Trino (formerly known as Presto SQL) is a distributed query engine, that allows running analytical queries across different data sources via SQL. One of those data sources can be CrateDB and this article is going to look at how to configure the connection.
Prerequisites
We assume a Trino client/server installation is already in place as per Trino’s installation instructions.
For this post, I installed Trino on macOS using Homebrew with brew install trino
and my installation directory is /usr/local/Cellar/trino/375
. Depending on your installation method, there might be different ways to start the Trino server. For the sake of this post, I start it in my console from the installation directory with the command ./bin/trino-server run
. Your preferred way of starting might differ.
Connector configuration
Due to CrateDB’s PostgreSQL protocol compatibility, we can make use of Trino’s PostgreSQL connector. Create a new file /usr/local/Cellar/trino/375/libexec/etc/catalog/postgresql.properties
to configure the connection:
connector.name=postgresql
connection-url=jdbc:postgresql://<CrateDB hostname>:5432/
connection-user=<CrateDB username>
connection-password=<CrateDB password>
insert.non-transactional-insert.enabled=true
Please replace the placeholders for the CrateDB hostname, username, and password to match your setup. Besides the connection details, the configuration has two particularities:
- No database name: With PostgreSQL, a JDBC connection URL usually ends with a database name. We intentionally omit the database name when connecting to CrateDB for compatibility reasons.

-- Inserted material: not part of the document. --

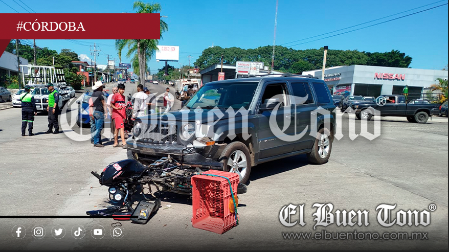Córdoba.- Un motociclista resultó lesionado la tarde de este viernes, luego de impactarse contra una camioneta que se le cruzó de manera repentina sobre el bulevar Córdoba-Peñuela, a la altura de la entrada a la comunidad de Cuauhtémoc.

CrateDB consists of a single database with multiple schemas, hence we do not specify a database name in theconnection-url
. If a database name is specified, you will run into an error message on certain operations (ERROR: Table with more than 2 QualifiedName parts is not supported. Only <schema>.<tableName> works
). - Disabling transactions: Being a database with eventual consistency, CrateDB doesn’t support transactions. By default, the PostgreSQL connector will wrap
INSERT
queries into transactions and attempt to create a temporary table. We disable this behavior with theinsert.non-transactional-insert.enabled
parameter.
Running queries against CrateDB
Once the PostgreSQL connector is configured, we can connect to the Trino server using its CLI:
# schema refers to an existing CrateDB schema
$ ./bin/trino --catalog postgresql --schema doc
trino:doc>
A SHOW TABLES
query should successfully list all existing tables in the specified CrateDB schema and you can proceed with querying them.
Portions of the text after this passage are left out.